Утром мама была очень красивой и постоянно улыбалась. Милиционер Петр шутил и называл Володю «стариком». Это было смешно и странно, какой же Володя старик, когда ему всего пять лет?


Петр прожил с Володей и мамой неделю, а потом исчез. Мама после этого несколько дней была грустной и злилась по пустякам.

Прошло какое-то время, мальчик решил, что пришла пора почитать следующую книжку.

«Корней Чуковский. Айболит»-прочел он название.


Книга оказалась еще интереснее, чем предыдущая. Какой же хороший этот доктор Айболит! Сколько же он зверей вылечил!

Вечером мама вернулась с работы не одна. Вместе с ней пришел невысокий дяденька с седой головой и грустными глазами.


-Знакомься, сыночек, это Яков Израилевич. Между прочим он настоящий доктор! Отоларинголог.

-А зверей вы можете лечить?-спросил Володя.

-Теоретически да, мальчик, могу- ответил Яков Израилевич.

-Это хорошо- ответил Володя и ушел в в свою комнату играть в настольный хоккей сам с собой.

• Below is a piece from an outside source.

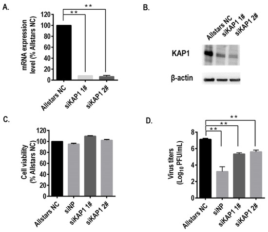 Knockdown of KAP1 resulted in a reduction in influenza virus replication. A549 cells were transfected twice with negative control siRNA (Allstars NC) or two siRNAs targeting human Kap1 (siKAP1 1#; siKAP1 2#). (A) qPCR to confirm the relatively low level of mRNA expression in siKAP1-treated A549 cells. (B) Western blotting with anti-KAP1 or anti-β-actin antibody to confirm the knockdown efficiency. (C) Cell viability of siRNA-treated cells was determined by using CellTiter-Glo reagent. (D) Virus growth in siRNA-treated A549 cells infected with WSN virus at an MOI of 0.001 and the supernatant was collected at 48h post-infection. (h.p.i: hours post-infection). Means ± SD of triplicate experiments is shown in (A,C,D). ** p < 0.01 (two-way ANOVA followed by Dunnett’s test).

Ничего интересного не произошло. Доктор ушел от мамы ровно через неделю, а мама вновь стала раздражительной.


Прошло несколько дней, и Володя опять сел за чтение. Сначала он прочел «Тараканище», и у мамы появился дядя по имени Ашот, человек с огромными усами, работавший на городском рынке мясником.


Когда Ашот ушел от мамы, Володя прочел «Стойкий Оловянный Солдатик» писателя Андерсена. Мама тут же пришла домой с веселым дяденькой Геной, капитаном радио-технических войск. Он много курил и смеялся так громко, что в горке звенели хрустальные фужеры.


Но дней через пять ушел и он. А с его уходом, у Володи закончились книжки.

Читать стало нечего. Однажды, слоняясь от скуки по квартире, мальчик нашел забытую бабушкой газету. Правда это была не газета «Спид-Инфо», а какая-то другая, названия Володя не запомнил.


«Речь премьер-министра Российской Федерации Владимира Владимировича Путина на ежегодном саммите стран Содружества»- прочел мальчик название статьи. А потом он прочел и всю статью, правда мало что из нее понял. Вздохнув, он отложил газету в сторону и пошел играть в настольный хоккей.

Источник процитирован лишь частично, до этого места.